初詣の歴史

新年最初の行事である「初詣」は、明治時代に入り鉄道会社が広めた「伝統」だった。こんな内容のエントリーが、多くのブロガーに「初詣の歴史」を論じる機会を与えている。
初詣の歴史を皆知らない - mmpoloの日記
調べていくと、次のエントリーが興味深い内容となっていた。
http://triceratops.cocolog-nifty.com/blog/2007/01/post_5dce.html
こちらに引用されている2006年12月30日付け日本経済新聞に「初詣の歴史」が紹介されている。

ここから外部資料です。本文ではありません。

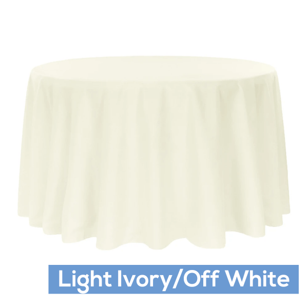108" Round 200 GSM Polyester Tablecloth in Light Ivory/Off White
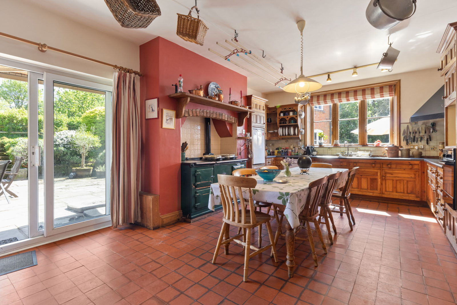Sliding patio doors to patio and garden, tiled floor, base and eye-level units over work surface, oil-fired four-door AGA, stainless steel sink and drainer, window to back garden, electric oven, space for dishwasher and fridge freezer. Electric hob.

研究者によると、いまのような初詣は明治時代以降の習慣だという。国立歴史民俗博物館教授の新谷尚紀さんは、日本古来の正月について「元日は家族そろって家にこもり、年神(歳徳神)がやって来るのを静かに待つのが習わしだった」と説明する。年神とは一年の幸福を年初にもたらす福の神だ。こうした正月の習わしが初詣に変化する過程で、三つのポイントがあった。
最初は江戸時代後期の19世紀。年神のいる方角を「恵方」といい、毎年変わる。その年の恵方にある寺社に参拝する「恵方参り」が、町の庶民の間で流行し始めた。

興味深いことに、年神様をお迎えするしきたりがESEさん(青森県在住)の記事で紹介されています。
正月飾り、青森のしきたり? : 青森からこんにちは
江戸期までは、家の中で静かに年神(歳徳神)をお迎えする習わしや、恵方にある寺社に参拝する「恵方参り」が一般的でした。
明治以降になぜ「初詣」が行事になったのか。これは新政府が行った神道改革が大きな影響を与えているようです。詳しく論じる時間も能力もないので、http://kousyoublog.jp/?eid=1340に書かれている分析を紹介しておきたいと思います。

つまり、恵方詣では明治期にブームが収束しつつあり、比較的氏神詣でをせず行きたいところに行く風潮が少しづつ醸成されていた。そこに鉄道という流通と人の移動を飛躍的に向上させる産業変化と、明治維新という価値観の変化という社会構造の変化の中で、鉄道会社が恵方なんて気にせず元日は好きな神社仏閣に参拝しようというPRを打ち出した。

都市への人口移動による「氏神」不在層の出現、神道改革による恵方詣での衰退、交通網の発達など様々な要因が重なって、「初詣」という行事が人口に膾炙したようです。